All posts by Bruce Hunt

6 Oct. 2023 — 12:00 noon — GAR 4.100

Raymond Hyser (UT)

“What’s a Forest to a Jungle?: Tropical Forestry in British Ceylon’s Coffee Culture” 

When one thinks of tropical forestry, few, if any, would think of Coffea arabica. This evergreen tree has dominated the coffee trade since its dispersal from the southwestern foothills of Ethiopia sometime in the sixth century CE. In this paper, I highlight the importance of C. arabica in understanding tropical forestry and forestry knowledge in the nineteenth century. I examine the extensive cultivation of C. arabica in British Ceylon by conceptualizing the island’s coffee plantations as complex, anthropogenic forest ecosystems. By exploring these plantations as forest landscapes of natural, human, and human-made elements, I illustrate how tropical ecosystems influenced the construction and maintenance of coffee plantations and, in turn, how coffee planters transformed the island’s tropical environments.
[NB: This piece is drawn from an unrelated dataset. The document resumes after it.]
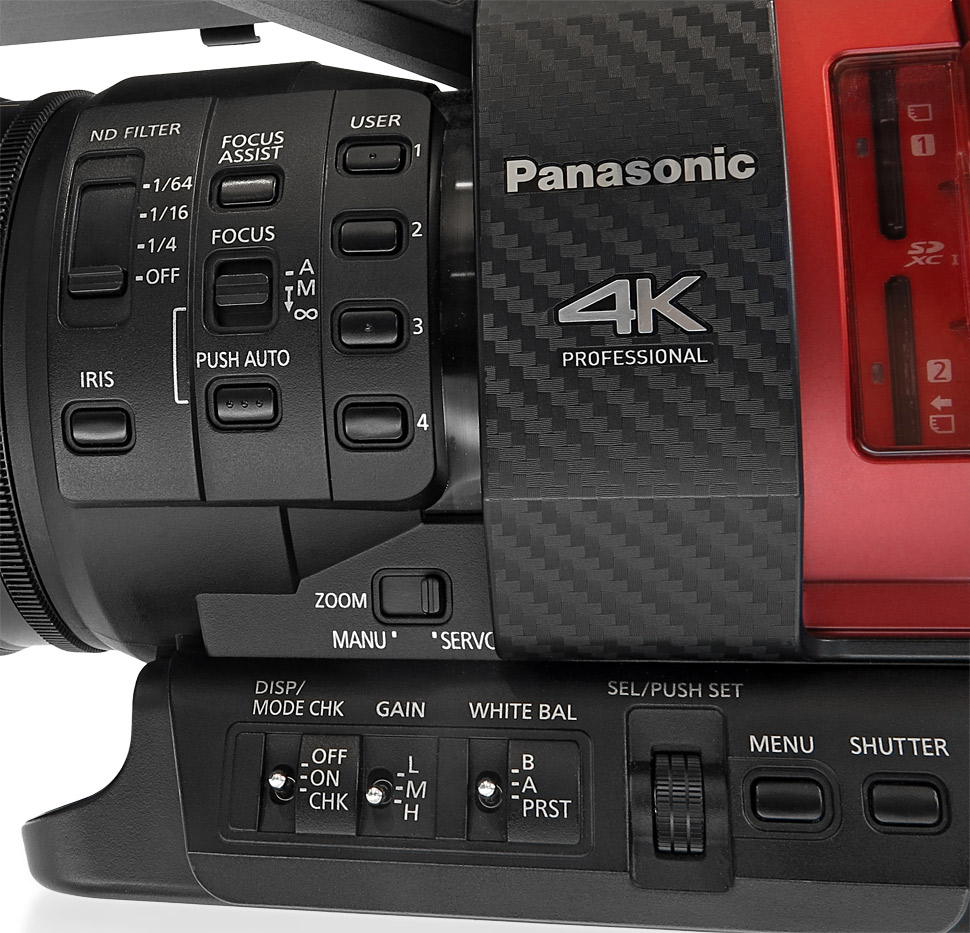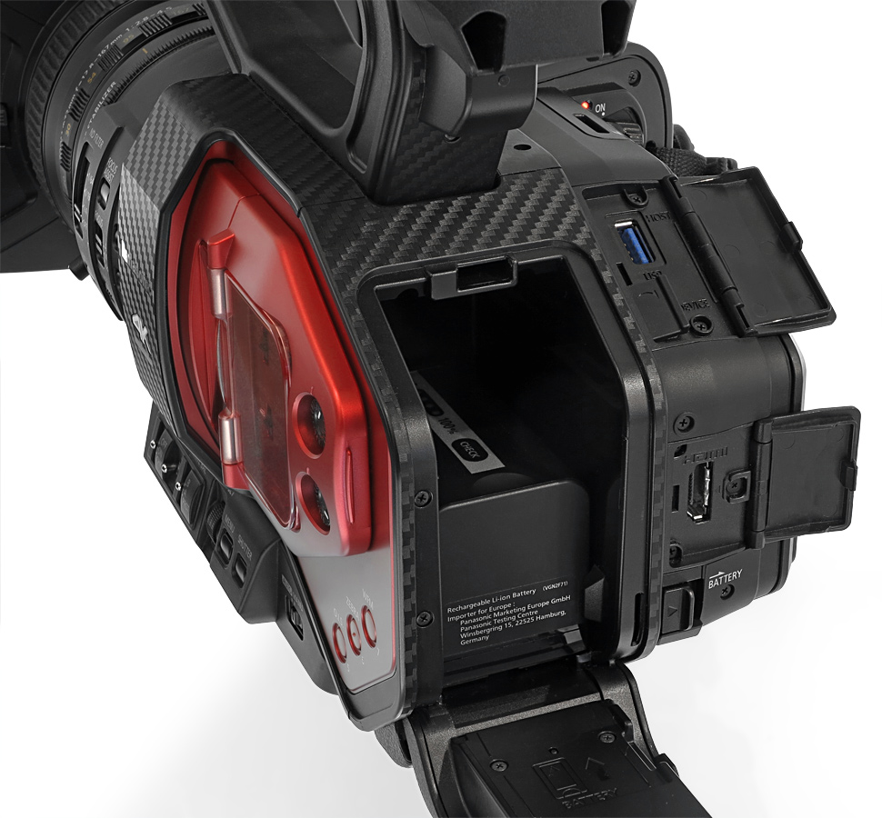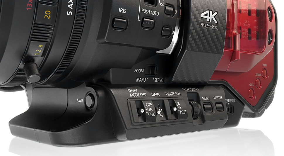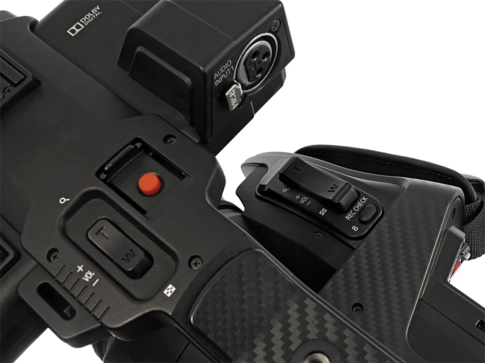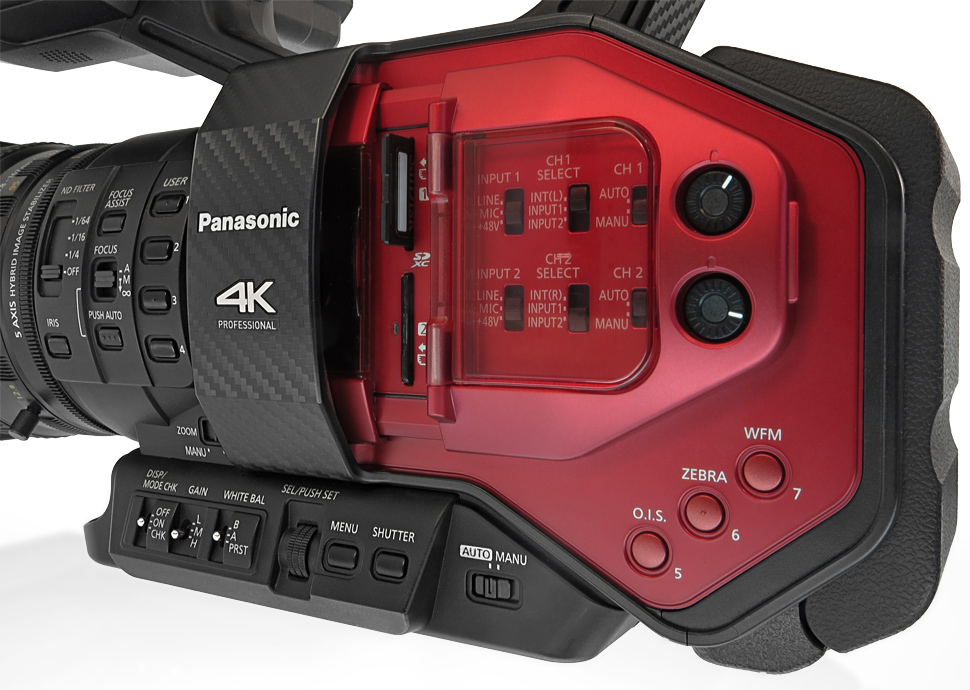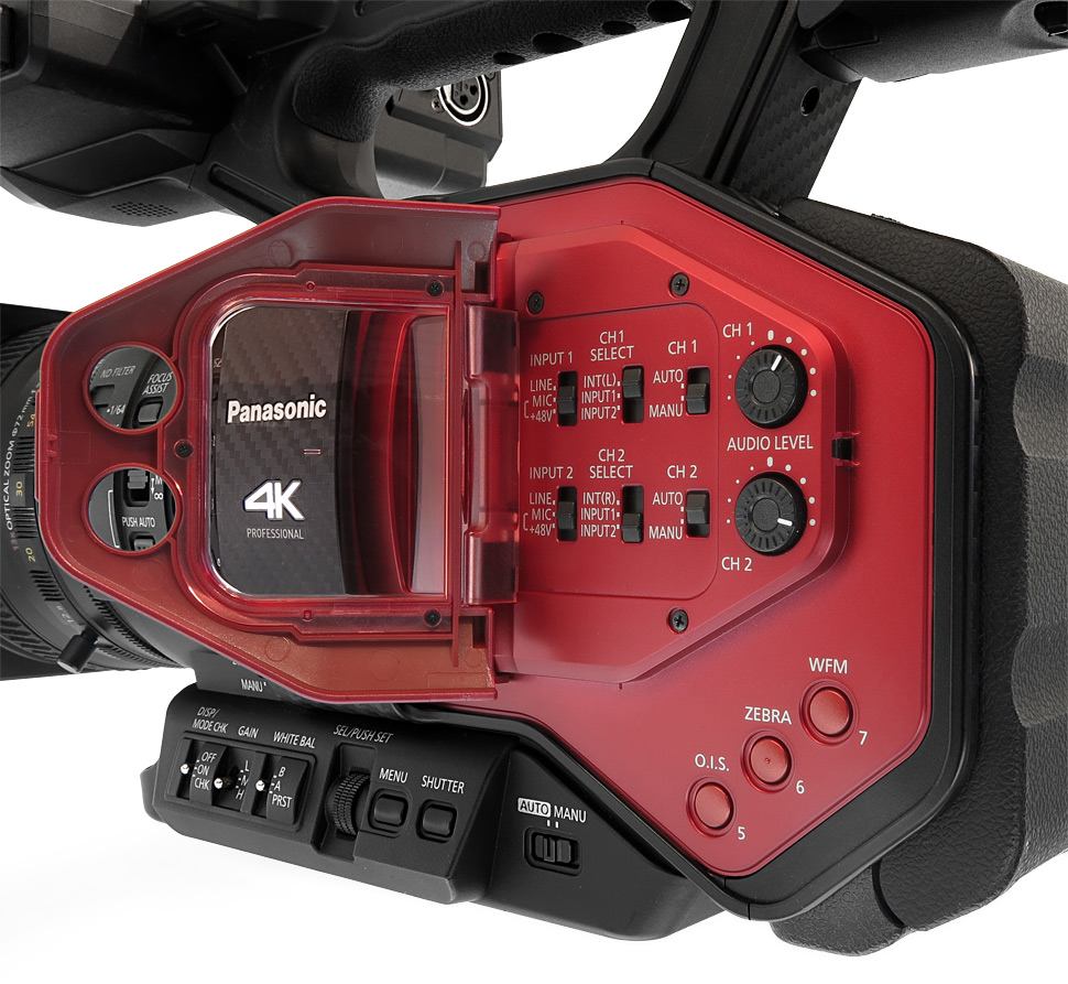 Die Bedienelemente sitzen genau da wo man sie vermutet — zumindest wenn man Panasonic-Handhelds kennt und schon benutzt hat. Für Blende, Schärfe und Zoom bietet das Objektiv jeweils einen eigenen Bedienring. Die wichtigsten Tasten für Weißabgleich, Gain und Shutter befinden sich gut zugänglich für die linke Hand vorne am Gehäuse. Alle Ton-Bedienelemente sind unter einer Klappe in der roten Abdeckung versenkt, auch die Wahl des Eingangs findet hier statt.

In particular, I will demonstrate how perceived knowledge of tropical forest landscapes conditioned plantation development by exploring the categorization of “forest” and “jungle” land. By examining the processes surrounding the creation and management of coffee plantations in the central highlands of Colonial Ceylon, I hope to highlight how coffee cultivation played an integral role in shaping tropical forestry on the island and, subsequently, transforming Ceylon’s forest landscapes.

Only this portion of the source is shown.